Ricerc@Sapienza

The Internet-of-Things (IoT) relies on a large number of sensors, actuators, processing units and networking units capable of giving services that could not be implemented otherwise.
An important requirement is the dynamic extendability of the network structure (adding nodes) and of the applications offered by the network (adding services).
The particular deployment of many IoT implementations requires energy efficiency maximization, while guaranteeing the required quality of service and the dynamic extendability. In fact, the IoT relies on the possibility of demanding data processing to centralized servers of even data-centers (cloud computing); yet, in order to maximize energy efficiency, local processing close to the sensors is pursued in present implementations (edge-computing), thus requiring ad-hoc computing resources in the edge-nodes.
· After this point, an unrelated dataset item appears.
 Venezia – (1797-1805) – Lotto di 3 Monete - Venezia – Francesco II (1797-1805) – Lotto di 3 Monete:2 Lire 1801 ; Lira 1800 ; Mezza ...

The proposed project aims at developing an adaptable edge-computing node hardware architecture, featuring near-sensor reconfigurable signal processing acceleration units and memory units, along with the possibility of sharing computational workloads (i.e. program code and data) with other nodes and only ultimately with the cloud. The policy for defining the optimal microarchitecture, circuit and workload sharing parameters will be based on Artificial-Intelligence (AI) decision algorithms explored within the project, with genetic algorithms and support vector machine algorithm as first candidates.
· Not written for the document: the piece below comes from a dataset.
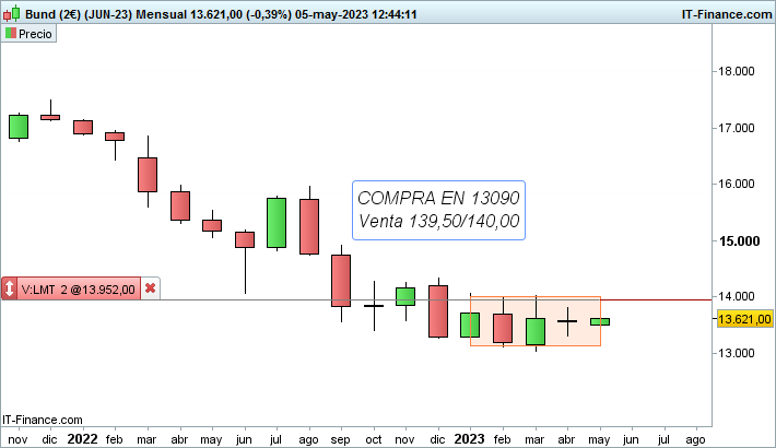 Bund en grafico mensual hay techo en zona 139/140 ahí venderé con stop amplio, en relacion con el objetivo de beneficios.

The adaptability of the edge-node hardware architecture to the dynamic modification of the application and of the network composition is a key innovation. The innovation potential of the project is threefold: implementation of reconfigurable hardware microarchitecture in edge-computing nodes, implementation of workload sharing capability as an additional parameter in nodes' architecture reconfigurability, and the application of AI algorithms to tailor the configuration to the (dynamically changing) target application.